If understanding the risk of its consumption, someone decides to experiment with synthetic cannabinoids, it is imperative to follow some recommendations:
- To start, it is essential to analyze what we are going to consume since this type of product does not go through any quality control. Knowing the composition can give you an idea of the effects that will be felt, better assess the risk, or rule out consumption if it were a particularly toxic substance. Energy Control allows free analysis; For more information, follow that link.
- Once you know the substance or substances contained in the product, before deciding whether or not it is convenient to consume it, read as much information as possible, especially regarding effects, dosage, duration, and side effects. In the absence, often, of proven scientific information, it is necessary to resort to what other consumers have about adverse or unexpected effects, inadvisable doses, encountered problems, etc. A good starting point is Erowid and the Drugs-forum and Bluelight forums. It is also possible to contact Energy Control for personalized advice.

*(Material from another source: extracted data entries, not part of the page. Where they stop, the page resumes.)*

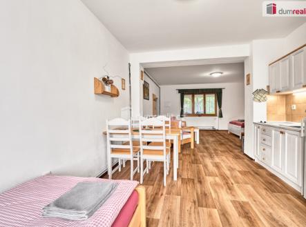 Prodej apartmánového domu s wellness a možností bydlení – Chlum u Třeboně Nabízíme k prodeji kompletně vybavený a zavedený apartmánový dům Mateřídouška, který se nachází v oblíbené rekreační lokalitě Chlum u Třeboně, pouhých 200 metrů od nechovného rybníka Hejtman. Objekt je plně funkční, ve výborném technickém stavu a připravený k okamžitému provozu. Dům nabízí pět samostatných apartmánů s celkovou kapacitou 27 lůžek, společenskou místnost s krbem, herní zónu, wellness zázemí se saunou, relaxační místností a venkovním bazénem se slanou vodou. Součástí objektu je také samostatná bytová jednotka, která umožňuje vlastní komfortní bydlení přímo na místě při současném provozování penzionu. Na pozemku se nachází okrasná zahrada, pergola, gril, dětské hřiště a osm parkovacích míst. Objekt je napojen na elektřinu, studnu (s možností připojení na obecní vodovod), kanalizaci a plyn je přiveden na hranici pozemku. K vytápění slouží elektrokotel a tepelné čerpadlo. V domě jsou tři bojlery (750 l, 120 l, 100 l). Energetickou soběstačnost podporuje fotovoltaická elektrárna, díky které se roční náklady na elektřinu pohybují kolem 20–25 tisíc korun. Velkou výhodou je možnost rozšíření – půdní prostor je připraven pro vybudování dalších apartmánů, čímž lze výrazně navýšit kapacitu a výnos. Současně je možné dokoupit sousední apartmánový dům Trefa, který nabízí tři další apartmány, zahradu a nízké provozní náklady. Spojením obou nemovitostí lze vytvořit větší ubytovací komplex s vysokým investičním potenciálem. Nemovitost se nachází v klidné a vyhledávané lokalitě s výbornou dostupností k rekreačním, kulturním i přírodním cílům. V docházkové vzdálenosti je rybník Hejtman s pláží a toboganem, historický zámek d’Este a v dosahu několika minut autem také lázeňské město Třeboň. Pro více informací a sjednání prohlídky nás neváhejte kontaktovat. Reality Škutovi Ev. číslo: 651546.
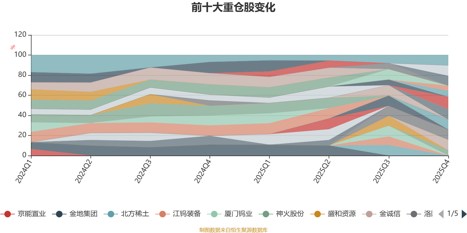 该基金持股集中度较高,近2年前十大重仓股集中度长期超过60%。截至2025年末,基金十大重仓股分别是江西铜业、中孚实业、中国铝业、金诚信、洛阳钼业、藏格矿业、云南铜业、百通能源、神火股份、翔鹭钨业。
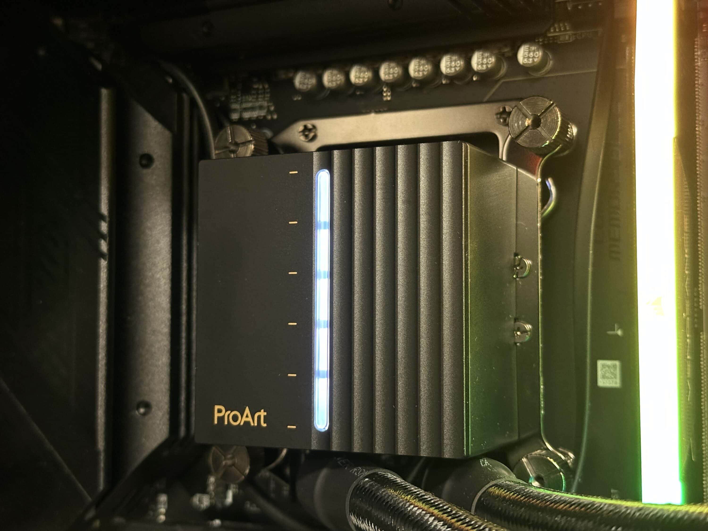 Besonders auffällig ist der mittig platzierte „Balken“, der im ausgeschalteten Zustand eine metallisch glänzende Oberfläche zeigt. Im Betrieb hingegen wird er zur Informationsanzeige, über die sich u. a. die aktuelle CPU-Temperatur darstellen lässt – ein funktionales Detail, das sich elegant ins Gesamtdesign integriert. Eine kleine, eingravierte Skala auf der glatten Seite des Deckels hilft zudem bei der visuellen Orientierung und unterstreicht die technische Präzision, die die ProArt-Serie auszeichnet.

- It is necessary to be very cautious when experimenting with these substances, and it is advisable to carry out tests with very small doses in a familiar and safe environment, accompanied by someone sober, who can act in case of a problem. Since the medium and long-term risks are unknown, it is advisable not to go beyond strictly experimental and occasional consumption. It should also be borne in mind that any mixture with other drugs will make the experience and the risks even more unpredictable, so it is better to avoid mixtures.
There are situations in which consumption puts other people’s lives at risk, or in which certain health problems make serious adverse effects especially likely. In these cases, consumption should be avoided. They are the so-called contraindications: pregnancy, lactation, driving a vehicle or operating dangerous machinery, cardiovascular problems, liver, kidney, diabetes, psychological disorders, or if you are going through a bad streak.